Change as a Catalyst for Growth.
When I was in the throws of dealing with Antonio’s illness, I remember making a decision. I listened to an audio book of Walking with God in Pain and Suffering by Timothy Keller. On this particular day, I was running down the beach of the North Carolina Outer Banks. This is one of the few times I have lost myself running. I distinctly remember a choice. I like having options. In difficult circumstances, it can feel like all of our choices are taken away from us. The most important of decisions happen here. Never Give up. God’s not done.
Under Pressure
Pressure can create coal or it can create diamonds. In fact, diamonds can be made no other way. Pressure is necessary. I, then, was able to see my excruciating pain differently. I knew that if I chose to- I could be better through what I experienced. I have seen so many people broken or held captive in their experiences. I knew I did not want that. Coal wasn’t an option.
God is Sovereign
I knew that if I would trust God and allow him to shape me and my experience that there was a divine plan for my life. I wish these life experience on no one. If they are going to happen, I had to learn to ask different questions. Instead of asking why it happened, I asked, what can I learn from this? How can I grow through this? I see it as a tribute to loved ones lost. I see it as a nod to God’s plan. If I am still here, there is work for me to do. It is important that I get to it and do my best in it.
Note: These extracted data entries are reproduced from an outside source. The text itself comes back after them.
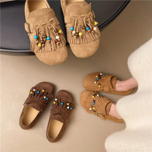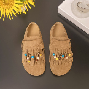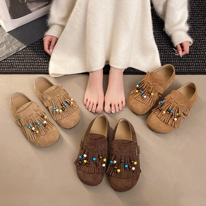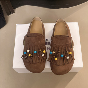 复古串珠流苏全包勃肯鞋女2025新款秋季软底不累脚袋鼠鞋休闲单鞋
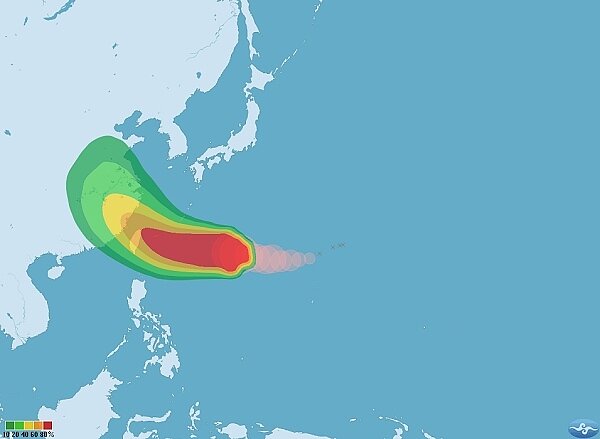 蘇力來襲,桃園縣府緊急召開防颱會報(圖/颱風七級風暴風圈侵襲機率圖/氣象局)
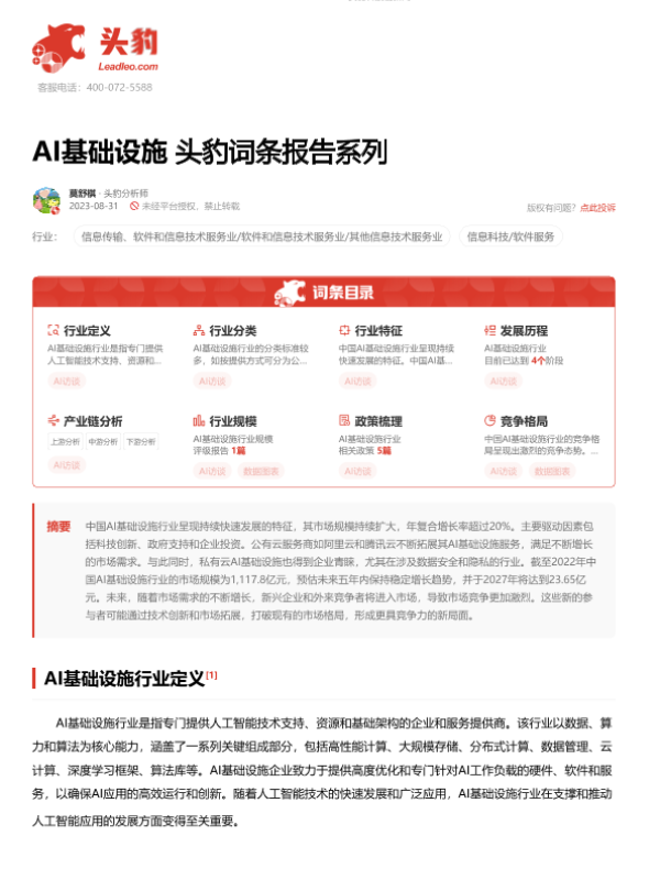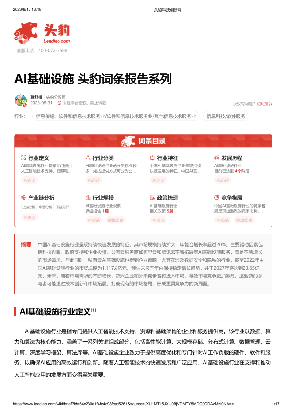 【头豹研究院】【20231025】AI基础设施 头豹词条报告系列-17页

Starting now.
Sharing Life
I would love for you to learn from my experience. That is one of the many reasons I share. In life, we will go through some stuff. I have personally witnessed God’s peace that passes understanding. If I sit still and let go of the worries and concerns, that peace is waiting for me. It is that peace that compels me. It is that peace that gives me hope for what I am going through now. I am under pressure, but I will not be crushed. I have four pairs of eyes that study me. Their eyes are always on me. What am I going to show them? God.
The last post I wrote was nearly two years ago. I have been grieving, slaying giants, raising champions, and growing in faith.